The signs say that you can use the refill cups "all season".   Not trying to slam you (I know refill cups are a touchy subject for Disney), just asking.....you're bringing 8 year old cups so that sounds like a very long season, lol...are they the same design or something, or the CMs just don't care?


----------



## endy

The cups are still the same design. I've never seen a 'for the season' sign so this must be something this year. If it's changed we'll still be happy to buy a new cup, as I still think it's a great deal.
We've been every Aug for 12 years and a couple times in July. No one has ever questioned or even looked at the cups and we have bought a few new ones over this time span.
Read more about refillable cups on the SeaWorld board.
My thoughts are if I get 99 cent refills all day I'll have a lot more money to spend in the park. When we go to DL and have to spend more than 3$ for a 10 cent  pop then there's less money I have to spend on anything else.


----------



## dreamin_disney

theparsons said:


> Ok, I know I had questions about the Sea World All Day Dining, so here's what I found out during our April 2013 trip.  I have no idea how often Sea World changes it's menus or prices, but this should help a little on deciding if the dining deal with work for you.
> 
> It is $32.99 for adults and $16.99 for children (age 3-9).
> 
> 
> 
> 
> All Day Dining allows you to have one entrée; one non-alcoholic drink (regular size) and EITHER one side or one dessert.  However, you can get more food just by going back through the line again.  On our days the lines were 5-10 minutes max, so it wasn't a big deal....we got our entrée/drink/side and went back later for a dessert.  A few times we just walked up and got a dessert, lol.   VERY unusual for us, but so much fun.   Desserts are $3.69 at EVERY participating restaurant (there are other desserts not included in the dining plan, they typically were the really large items and the special desserts that included a souvenir or a reusable plate).     I give prices here for those that want to price out what they might eat to see if the dining deal might work for them.
> 
> 
> 
> 
> When you purchase your wristband be sure to ask them for the hours of the participating restaurants for that day.  It is also printed on the back of the park map.  This matters because both days we were there all but one of the participating restaurants closed more than an hour before the park closed (for us that meant 2 restaurants closing at 3:45 or 4:00pm. )   Since we knew about this from another trip, we knew to pick the latest open restaurant for our last meal of the day.



I have a couple of questions.

1. Dh is a big eater.
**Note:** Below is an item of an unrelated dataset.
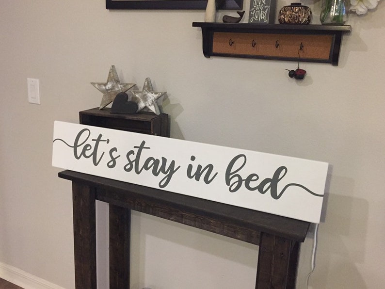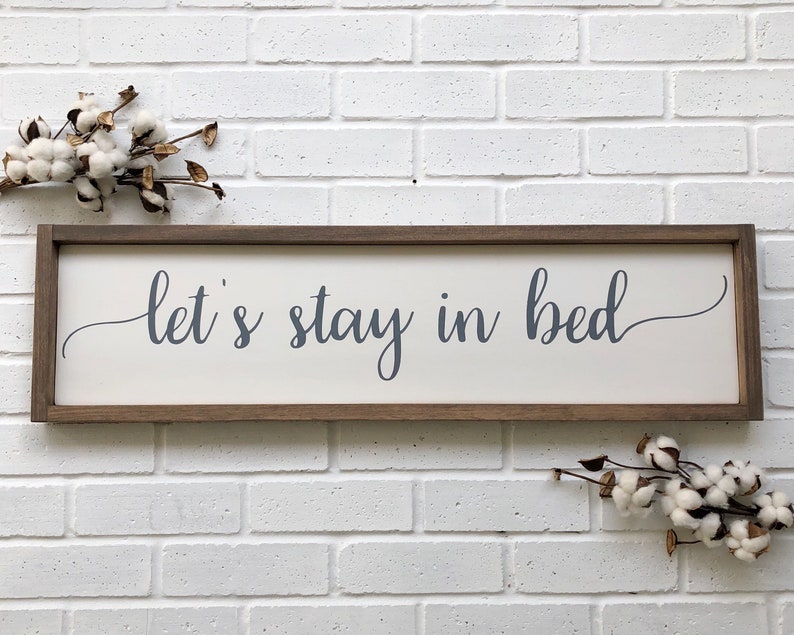 Lets Stay in Bed Bedroom Wall Decor, Wood Wall Sign, Bedroom Decor, Wood Wall Art, Above Bed Decor, Wood Wall Decoration, Lets Stay in Bed. (3.4k) £52.93. £88.22 (40% off) FREE UK delivery. Let's Stay in Bed Print. Bedroom Sign. Let's Stay in Bed Wall Art. Over The Bed Quote.

Theres a few meal I wouldnt mind trying. DD14 is a picky eater so paying $32 wouldnt be worth it.
-Do all three of us have to get the meal plan or can just two of us get it?
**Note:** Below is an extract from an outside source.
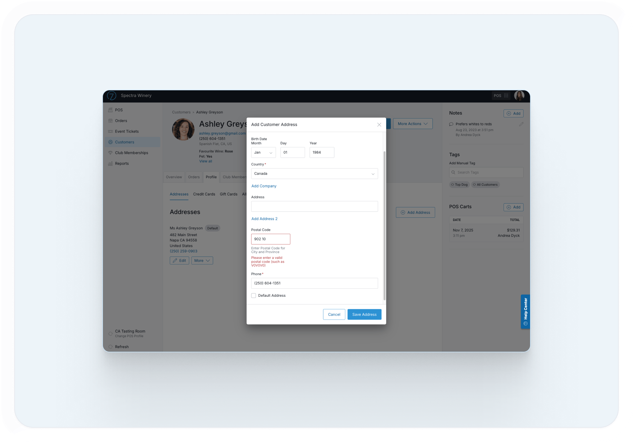 Commerce7 stores past order information, products purchased, reservations booked, customer addresses, credit card information, email, phone numbers, birthdate, LTV, club memberships, emails sent, and any notes/tasks your team may need to optimize customer experience and internal workflows. Custom fields can also be added to collect any type of information desired.

2. You mentioned entree and one side or dessert but you can go back through the line for more food. 
-if I got the entree and side can I go back through the line just for dessert or do I have to get another entree?

3. is it $3 more for ribs at all places or just the one you mentioned?


If anyone has more food pictures please post


----------



## endy

You can go back thru the line for anything, a dessert, another drink, a salad, etc. You can only get the entrée, side and drink at one time.
We've often just stopped for a dish of jello or strawberries and a drink.
The ribs are extra at all places.
You don't all need wristbands but sharing is not allowed

Because we've been to SW so many times my ds16 picks a day for the meal plan and he'll eat about 5 times. You would think I never feed him but most days we go we either don't eat or just eat once.


----------



## HollywoodTowerHotel

endy said:


> You can go back thru the line for anything, a dessert, another drink, a salad, etc. You can only get the entrée, side and drink at one time.
> We've often just stopped for a dish of jello or strawberries and a drink.
> The ribs are extra at all places.
> You don't all need wristbands but sharing is not allowed
> 
> Because we've been to SW so many times my ds16 picks a day for the meal plan and he'll eat about 5 times. You would think I never feed him but most days we go we either don't eat or just eat once.



If sharing is not allowed.....then why don't you all need wristbands?  How strictly is the "no sharing" enforced?


----------



## driggs12

HollywoodTowerHotel said:


> If sharing is not allowed.....then why don't you all need wristbands?  How strictly is the "no sharing" enforced?



I also was wondering how strict is the "no sharing" enforced?


----------



## misslissa

Just a note that there is a promo code for free dining at SeaWorld right now.  It is 'PlayandDine' when you buy tix off the website.


----------